(b) The term “Expenses” shall include, without limitation, any judgments, fines and penalties against Indemnitee in connection with a Proceeding; amounts paid by Indemnitee in settlement of a Proceeding; and all attorneys’ fees and disbursements, accountants’ fees, private investigation fees and disbursements, retainers, court costs, transcript costs, fees of experts, fees and expenses of witnesses, travel expenses, duplicating costs, printing and binding costs, telephone charges, postage, delivery service fees, and all other disbursements, or expenses, reasonably incurred by or for Indemnitee in connection with prosecuting, defending, preparing to prosecute or defend, investigating, being or preparing to be a witness in a Proceeding or establishing Indemnitee’s right of entitlement to indemnification for any of the foregoing.
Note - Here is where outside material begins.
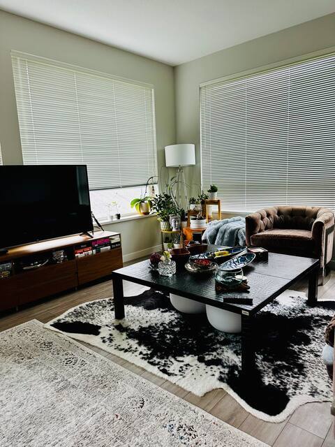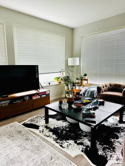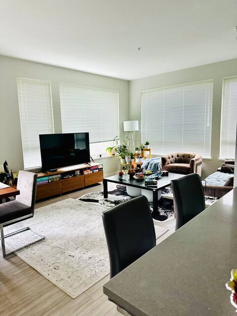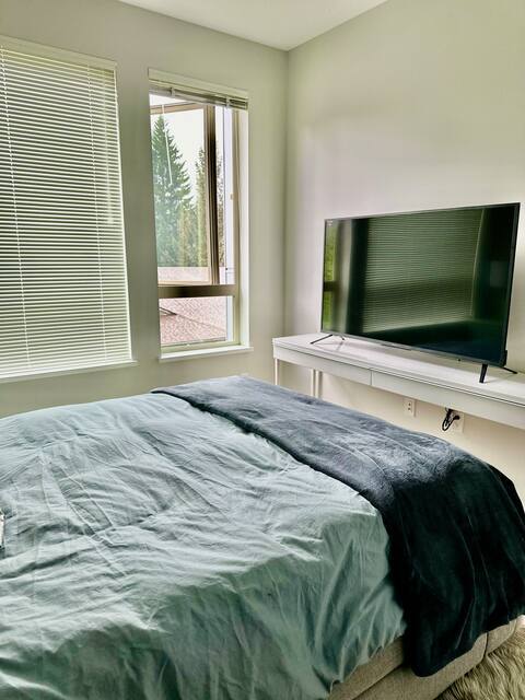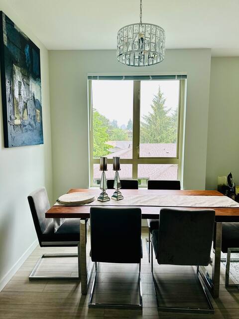 This brand-new, fully furnished spacious two-bedroom, two-bathroom condo boasts a gorgeous ensuite, a walking closet, and a private TV in the master bedroom. The second bedroom features a single bed and a large working desk. The condo is fully furnished with brand-new high-end appliances and is equipped with a fully stocked kitchen, complete with dishes, cutlery, and various gadgets. Perfect for group trips or those seeking to experience the beauty of British Columbia in style, this stylish place to stay offers a convenient location between nature and the city. North Vancouver’s most beautiful part lies in its ideal position for public transportation and outdoor activities. Nestled between mountains in North Vancouver, Lynn Valley is a picturesque neighbourhood characterized by lush greenery and extensive parkland. Lynn Headwaters Regional Park, connected to the Lower Seymour Conservation Reserve, offers attractions such as fishing at the tranquil Rice Lake and trails that connect to the North Shore’s extensive network of walkways, including the Baden Powell Trail. To arrange a viewing, please send inquiries Amenities: - Fabulous gym open seven days a week Essentials: - Cooking basics - Dedicated workspace - Dishes and silverware - Washer-dryer - Kitchen - TV - Bathtub - Heat and hot water - Bed linens - Hangers - Room-darkening shades - Window guards - Carbon monoxide alarm - Fire extinguisher - Smoke alarm - Coffee maker - Dining table - Dishwasher - Freezer - Microwave - Oven - Refrigerator - Stove - Trash compactor Lynn Valley Village offers a range of amenities to make your stay comfortable and enjoyable. Enjoy wine glasses, lake access, a private entrance, ski-in/ski-out, a backyard, an outdoor dining area, outdoor furniture, a patio or balcony, an elevator, free parking on the premises and free street parking. The village boasts a charming plaza with various shops, including Delany’s Coffee House, a popular spot for coffee and treats. Nearby, you’ll find Waves Coffee and Starbucks. For a more diverse dining experience, explore restaurants like Brown’s, Valley Sushi, Papa John’s pizza, or grab a Booster Juice. Nourish Market is a great place to satisfy your inner foodie. Don’t forget to visit the public library. Stay fit and energized with the fabulous gym, open 7 days a week. Enjoy the fastest Wi-Fi in Vancouver, Fibre 500. Lease Terms: One Year

(c) References to “other enterprise” shall include employee benefit plans; references to “Fines” shall include any excise tax assessed with respect to any employee benefit plan; references to “serving at the request of the Company” shall include any service as a director, officer or agent of the Company that imposes duties on, or involves services by, such director, officer or agent with respect to an employee benefit plan, its participants or beneficiaries; and a person who acted in good faith and in a manner he reasonably believed to be in the interests of the participants and beneficiaries of an employee benefit plan shall be deemed to have acted in a manner “not opposed to the best interest of the Company” as referred to in this Agreement.
(d) The term “substantiating documentation” shall mean copies of bills or invoices for costs incurred by or for Indemnitee, or copies of court or agency orders or decrees or settlement agreements, as the case may be, accompanied by a sworn statement from Indemnitee that such bills, invoices, court or agency orders or decrees or settlement agreements, represent costs or liabilities meeting the definition of “Expenses” herein.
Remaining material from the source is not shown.